RUU menyeluruh yang akan menciptakan aturan ramah bisnis untuk mata uang kripto terhenti di Senat pada hari Selasa, sebuah pukulan besar bagi rencana industri kripto di Washington. Senat memilih 50 banding 49 untuk memblokir pertimbangan Clarity Act, sebuah undang-undang berprofil tinggi yang dibentuk oleh eksekutif kripto selama berbulan-bulan negosiasi dengan Kongres dan Gedung Putih. RUU itu lolos di DPR tahun lalu, tetapi menghadapi banyak penundaan di Senat.

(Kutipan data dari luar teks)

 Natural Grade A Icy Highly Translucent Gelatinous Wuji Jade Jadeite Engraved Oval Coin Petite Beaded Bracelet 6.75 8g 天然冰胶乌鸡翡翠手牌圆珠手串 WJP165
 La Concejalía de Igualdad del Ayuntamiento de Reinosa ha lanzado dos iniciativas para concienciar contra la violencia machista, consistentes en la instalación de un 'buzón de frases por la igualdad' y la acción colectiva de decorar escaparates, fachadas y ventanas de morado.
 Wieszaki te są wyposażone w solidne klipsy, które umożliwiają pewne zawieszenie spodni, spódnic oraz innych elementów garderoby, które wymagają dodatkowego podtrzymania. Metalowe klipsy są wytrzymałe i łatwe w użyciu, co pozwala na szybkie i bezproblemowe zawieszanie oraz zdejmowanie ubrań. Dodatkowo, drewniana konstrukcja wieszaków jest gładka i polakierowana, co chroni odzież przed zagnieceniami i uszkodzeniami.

Pemungutan suara itu merupakan kekalahan telak bagi industri yang membuat undang-undang tersebut kemungkinan tidak akan lolos dalam waktu dekat — jika memang pernah. Dengan pemilihan paruh waktu pada bulan November, jendela untuk memajukannya menutup dengan cepat, meskipun ada lebih dari $100 juta pengeluaran politik oleh perusahaan kripto. Sementara banyak Republikan merangkul RUU itu, Demokrat sebagian besar menentangnya. Banyak kekhawatiran mereka berpusat pada Presiden Trump, yang menghasilkan $1,4 miliar dari jaringan bisnis kripto tahun lalu. Demokrat menginginkan bahasa yang lebih kuat untuk mencegah presiden dan pejabat publik lainnya menggunakan kripto untuk menghasilkan uang. Pada akhirnya, tidak ada Demokrat yang memilih RUU itu, meninggalkan Republikan jauh dari ambang 60 suara yang diperlukan untuk melanjutkan. Beberapa Republikan, termasuk Senator Susan Collins dari Maine dan Senator Josh Hawley dari Missouri, juga memberikan suara "tidak".

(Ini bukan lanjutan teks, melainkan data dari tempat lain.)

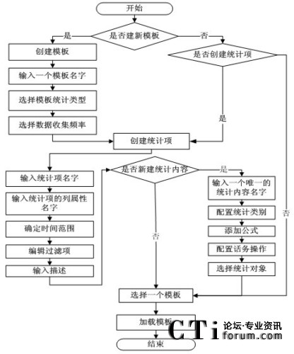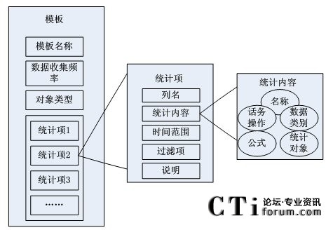 由模板结构框架图得知,模板包括模板名称,数据统计对象,收集数据的频率和多个基本统计项。其中,每个统计项对应着统计对象(如:坐席,路由点等)的一条统计内容信息(如:1小时内的呼叫总量等)。然后由这些统计项和统计参数组合成模板,从而构成对呼叫中心对象的统计信息。

"Yang diinginkan Presiden Trump hanyalah agar Senat memberinya waktu untuk melakukan kejahatan, dan saya tidak akan mendukung undang-undang apa pun yang memungkinkannya," kata Senator Ruben Gallego, Demokrat dari Arizona, dalam sebuah pernyataan setelah pemungutan suara. "Undang-undang ini gagal sepenuhnya karena Republikan menolak mengatakan tidak kepada presiden." Hasilnya merupakan kekecewaan pahit bagi eksekutif kripto, yang telah menjadikan Clarity Act sebagai prioritas kebijakan terpenting mereka.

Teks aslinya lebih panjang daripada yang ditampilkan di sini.